The reverse is also possible, as dopaminergic medication might affect melatonin function, a key element of the circadian system. Thus, the effects of dopaminergic treatment on plasma melatonin secretion was the subject of an exploratory study by Garcia-Borreguero and colleagues.17 Eight previously untreated patients diagnosed with idiopathic RLS were treated under open conditions for 3 weeks with 400 mg L-DOPA (+100 mg carbidopa), and dim light melatonin onset (DLMO), a marker of circadian phase, was determined before and after treatment. Compared with baseline, treated patients had an earlier time of DLMO (6:50 P.M. +/− 0:55 vs. 9:00 P.M. +/− 1:20; p < .05) (Fig. 13-3). Interestingly, despite the brevity of the treatment period, some of the patients showed early signs of augmentation and the anticipation of time of DLMO was more marked in this subgroup. A positive correlation was observed between changes of DLMO, sleep latency, and time of onset of symptoms following treatment with L-DOPA. Taken together, preliminary evidence shows no major differences between untreated patients and healthy control subjects in the patterns of secretion of melatonin. However, this work suggests that dopaminergics can cause an advance in the time of onset of RLS symptoms. Furthermore, this work confirms that the time of onset of RLS symptoms is related to the time of DLMO.
FIGURE 13-3. Salivary levels of melatonin in a group of eight restless legs syndrome (RLS) patients in untreated and in L-DOPA–treated conditions. The study was done under semicontrolled circadian conditions between 5:00 P.M. and 3:00 A.M.17 Differences between both groups were statistically significant at 8:00 P.M., 9:00 P.M., and 10:00 P.M. Arrows A and B show the time of dim light melatonin onset (DLMO), which is the time at which a salivary concentration of 10 pg/ml is reached. Taken together, the data suggest an earlier secretion of melatonin in treated RLS patients (see text for discussion). *p < .05.
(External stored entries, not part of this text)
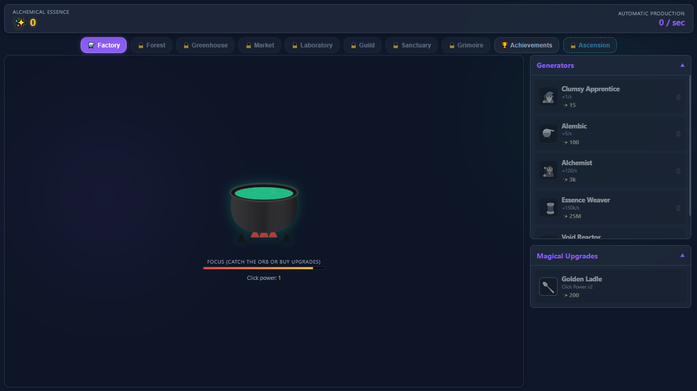 You start with a basic cauldron and a dream. You click, you get shiny magical essence, and you use it to buy stuff so the game clicks for you. Standard idle game stuff, but with a cool magical twist.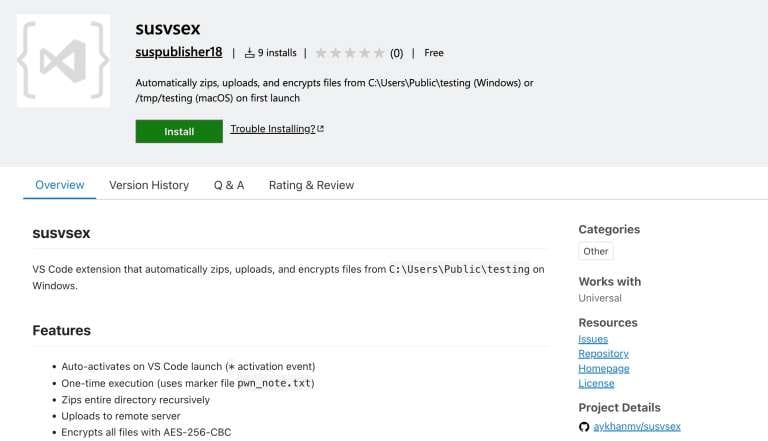 The extension was published under the name "susvsex" by an author with the username "suspublisher18". The naming alone should have raised red flags—"sus" is internet slang for "suspicious," and the overall naming convention suggests someone who wasn't even attempting to appear legitimate.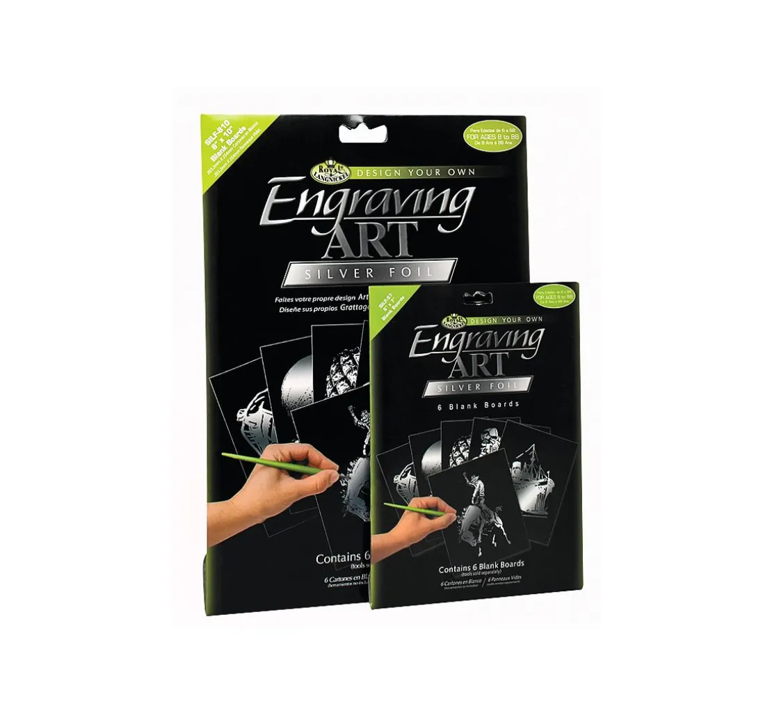 Du erhältst sechs leere Kratzbilder, die mit einer silbernen Metallfolie auf einem stabilen Pappkern bezogen und mit schwarzer Farbe überzogen sind. Diese Kombination bietet dir endlose Möglichkeiten, eigene Motive, Schriften und Symbole hervorzubringen und deine persönliche „Kratzschrift“ zu perfektionieren.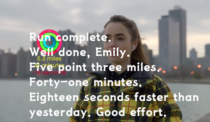 Run Complete . 走り は Well d one 、 Emily 。잘했어요. 에밀리. Five Point three miles.5.3 miles Forty-one minutes.41분. Eighteen seconds faster than yesterday. 어제보다 18초 빨랐어요.Good effort. 수고하셨습니다.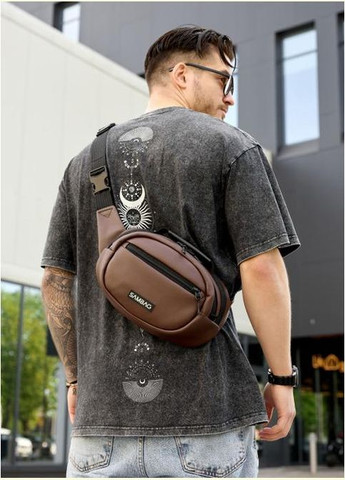 Бананка Sambag Flex цвета шоколад Сумка от компании Sambag дает ощущение оригинальности и неповторимости в стиле. Характеристики классической темно-коричневой сумки через плечо Материал верха: новейшая экокожа повышенного уровня износостойкости (не менее 50 000 циклов по тесту Мертиндейла). Подкладка: материал оксфорд средней плотности, прочный, стойкий к царапинам, легко чистится, нити из него не вылезают. Фурнитура: молнии типа YKK из надёжного пластика. Подтяжки: плечевой ремень из текстиля надежно пришит на планку по спинке. Длина регулируется с помощью фастекса и пластикового регулятора. Функциональность: снаружи спереди сумки один карман Внутри сумки отдельное основное отделение, карман на молнии, карман из сетки Дополнительно имеет карабин для ключей. (через плечо) от 86 см до 160 см: ремень регулируется. При заказе в комментарии укажите необходимую длину ремня, если она отличается от стандартной. Размер: 30*17*10 см.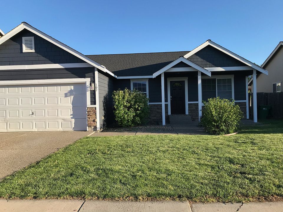 Minutes to downtown or CWU, this move in ready rambler has 4 bedrooms, 2 full bathrooms, and a 2 car garage. The large primary bedroom has a walk in closet and full bath. Three additional bedrooms. Kitchen with dishwasher, new stove/oven, built in microwave and refrigerator is open to living and dining areas. Gas fireplace, slider door to patio area in back yard. Laminate and carpet throughout. Utility room with washer and dryer. Central heat and air conditioning. Recent interior and exterior paint, and sprinkler system. Partially fenced backyard. No pets.

Circadian Variations in Dopaminergic Activity
Although the pathophysiology of RLS is incompletely known, it seems likely that a dopaminergic dysfunction plays a central role in the cause of RLS18,19 (see also Chapter 31). Accordingly, the circadian variations of sensory and motor symptoms of RLS should be paralleled by a circadian variation in dopaminergic function.20 Both animal21,22 and human23,24 studies suggest the existence of circadian variations in dopaminergic activity.25–31 Human data show a distinct circadian variation, with a pattern characterized by an increase in the morning and a nadir in the late evening/night.29–31
Alternatively, the circadian pattern might not be controlled by the dopaminergic system itself but rather by some other process that modulates it. Thus, tetrahydrobiopterin (TH-biopterin), a cofactor of tryptophan and tyrosine hydroxylase,32 is decreased in Segawa’s disease,33 another neurological disorder with a distinct circadian pattern of severity. TH-biopterin brain levels show a diurnal pattern that parallels dopamine production.22,34 So far, cerebrospinal fluid (CSF) levels of TH-biopterins have been found to be higher in RLS patients than in control subjects when collected in the morning, whereas the circadian changes in this factor as well as in the HVA/5-HIAA ratio and in 3-O-methyldopa levels showed much greater changes in the RLS patients than control subjects with all levels higher in the morning.35,36 This finding suggests that the dopamine abnormality in RLS may include an exaggeration of the normal circadian rhythm of dopamine system function. Iron, another cofactor of tyrosine hydroxylase,32 is low in the CSF of RLS patients; this is particularly true of those with early-onset RLS.37,38 Younger age at onset is associated with lower CSF ferritin values, and ferritin levels also vary with time of day in RLS patient CSF.38 Serum iron shows a marked circadian variation with a low point in the evening and early night,39 a time that coincides with maximal severity of symptoms. Thus, circadian variation in serum iron parallels the circadian variation of dopamine.
Neuroendocrine Variations
If dopaminergic tuberoinfundibular systems are involved in RLS, circadian changes in dopaminergic function should be followed by parallel changes in the endocrine output under dopaminergic control. Thus, Wetter and colleagues40 measured plasma levels of prolactin (PRL), growth hormone (GH), and cortisol every 20 minutes for 24 hours in 10 male treatment-naive RLS patients with mild to moderate RLS and in 8 age-matched healthy control subjects. No differences in plasma levels or amplitude or frequency of the pulses of any of these hormones were seen between both groups; neither were there differences in sleep parameters between the groups apart from a higher PLMS arousal index in RLS patients compared with the control subjects. Because cortisol is considered to be a stable marker of the sleep-wake cycle,12 the absence of a phase advance or any other circadian dysfunction in the rhythm of cortisol was considered to be in line with the lack of dysfunction in the circadian rhythm of temperature in untreated RLS patients. However, the major limitation in this study was the 20-minute sampling interval, as it could be too long for adequate detection of pulses. The authors concluded that a dysfunction of the dopaminergic system in RLS affecting the release of PRL and human GH from the pituitary gland was unlikely.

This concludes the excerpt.